→ About this exercise:
From the line containing "Dette er Lillans" to the line containing "A man wearing" in the records below, set down every line exactly as it stands, both ends included, and skip the pictures.

→ Source records:
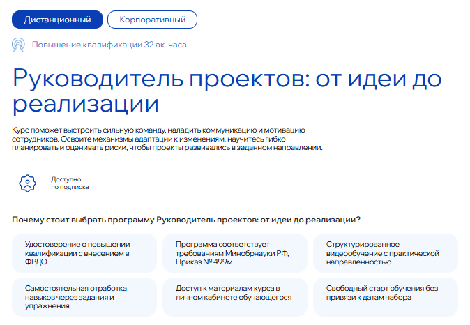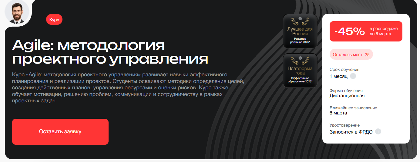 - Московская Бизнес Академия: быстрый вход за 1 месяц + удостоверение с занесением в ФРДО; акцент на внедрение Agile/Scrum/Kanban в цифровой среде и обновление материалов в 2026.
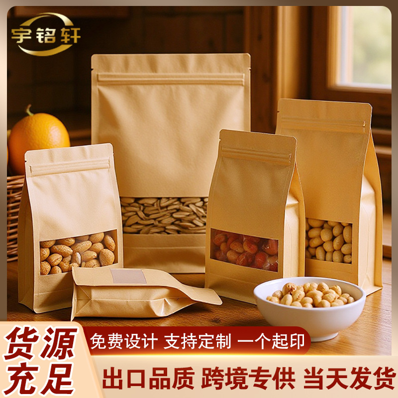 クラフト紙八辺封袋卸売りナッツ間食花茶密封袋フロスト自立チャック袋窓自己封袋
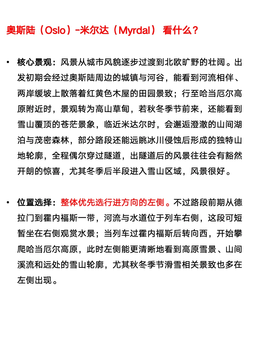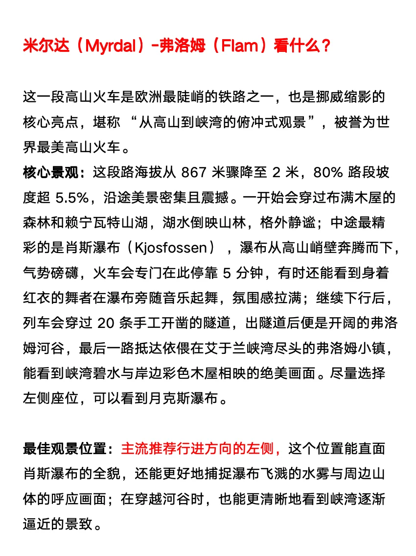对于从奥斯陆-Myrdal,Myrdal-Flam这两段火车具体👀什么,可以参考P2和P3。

---

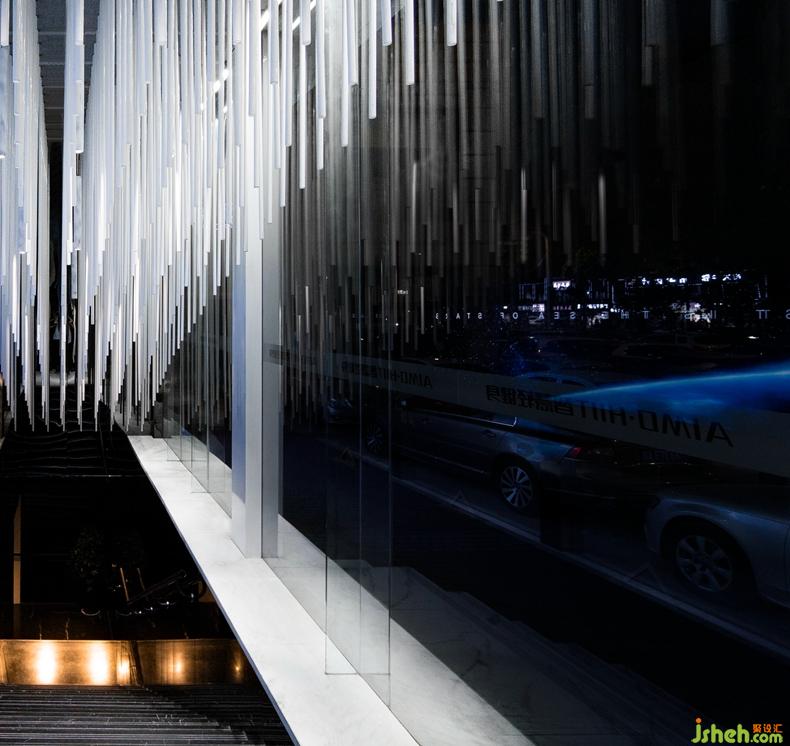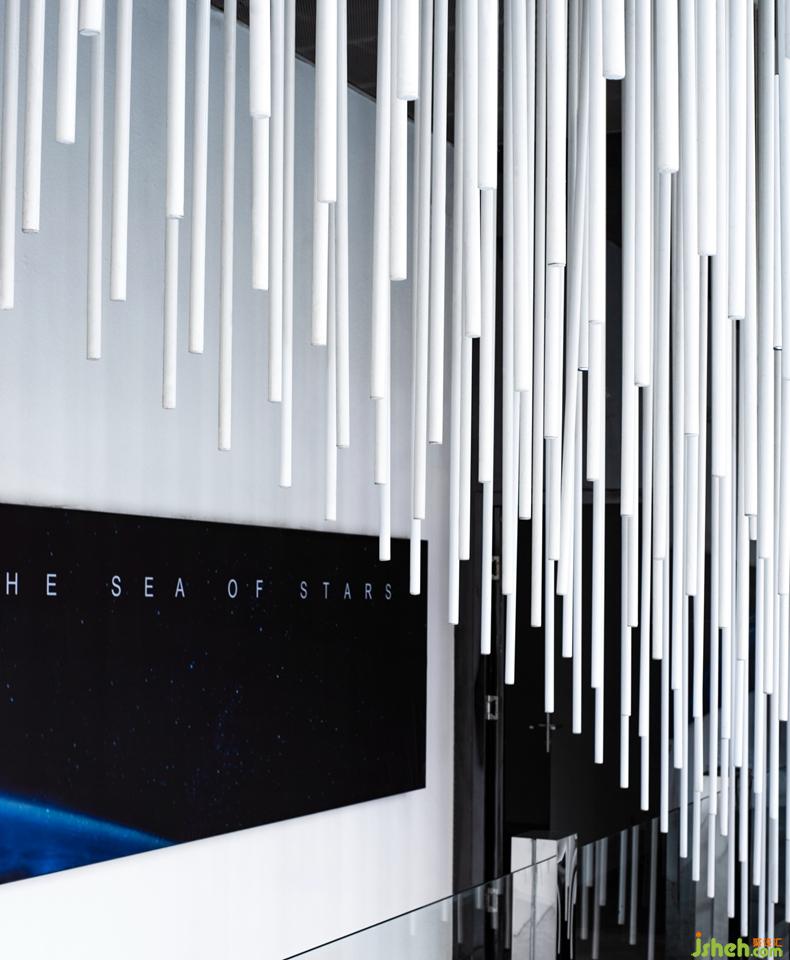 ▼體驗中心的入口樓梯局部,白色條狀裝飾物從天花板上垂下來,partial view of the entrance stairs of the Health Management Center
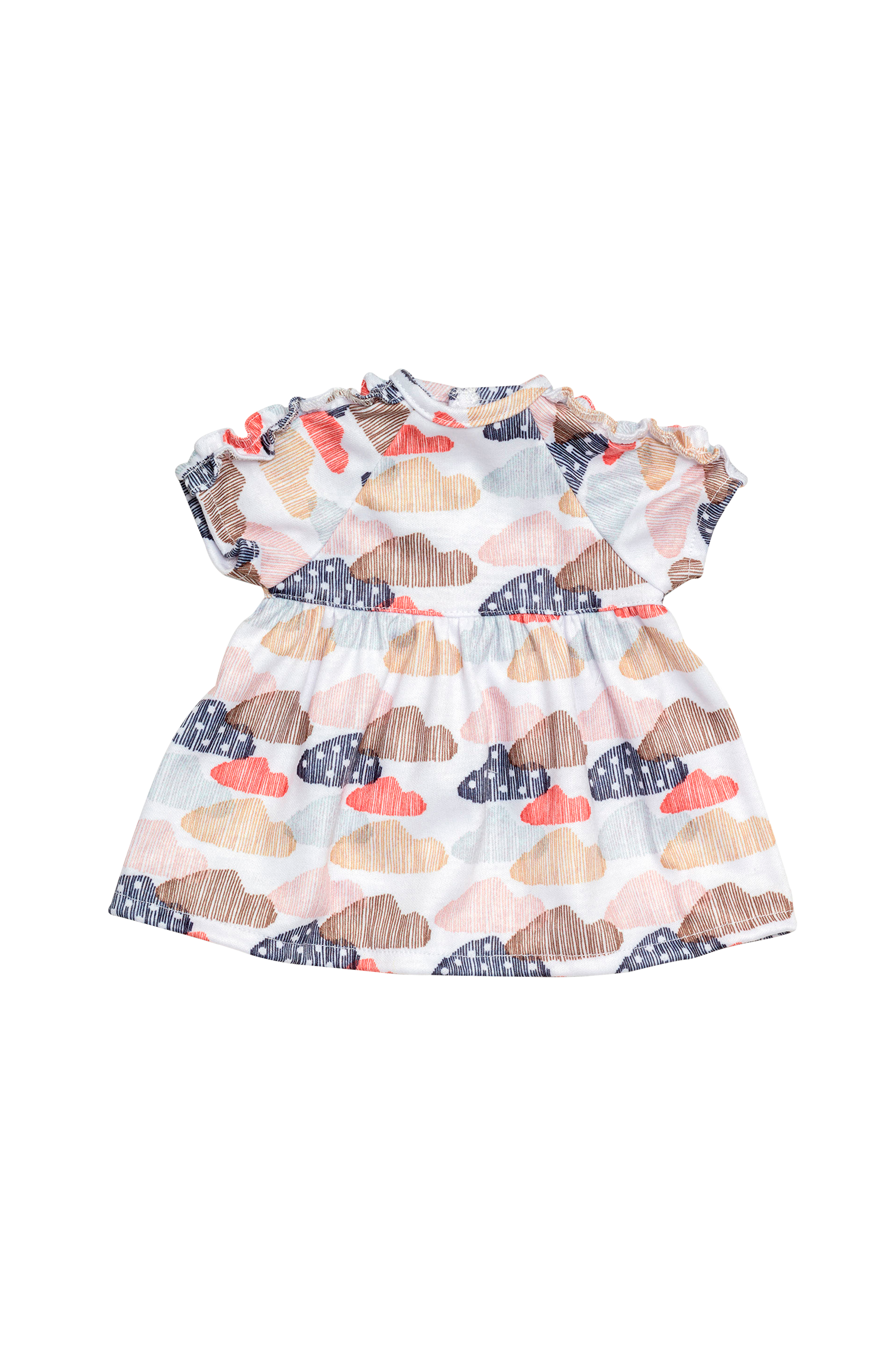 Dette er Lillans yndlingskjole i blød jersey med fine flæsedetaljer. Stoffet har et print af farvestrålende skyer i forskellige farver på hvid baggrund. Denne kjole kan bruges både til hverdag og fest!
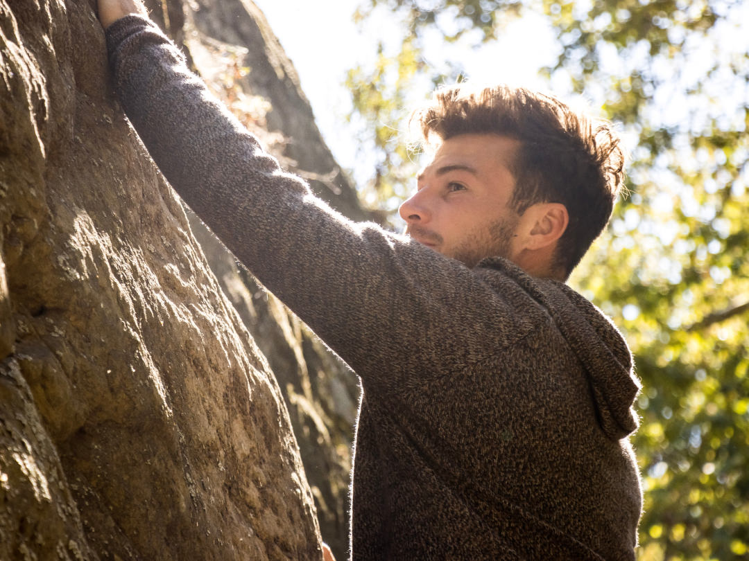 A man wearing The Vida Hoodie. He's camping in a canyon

→ Answer space:
 Dette er Lillans yndlingskjole i blød jersey med fine flæsedetaljer. Stoffet har et print af farvestrålende skyer i forskellige farver på hvid baggrund. Denne kjole kan bruges både til hverdag og fest!
 A man wearing The Vida Hoodie. He's camping in a canyon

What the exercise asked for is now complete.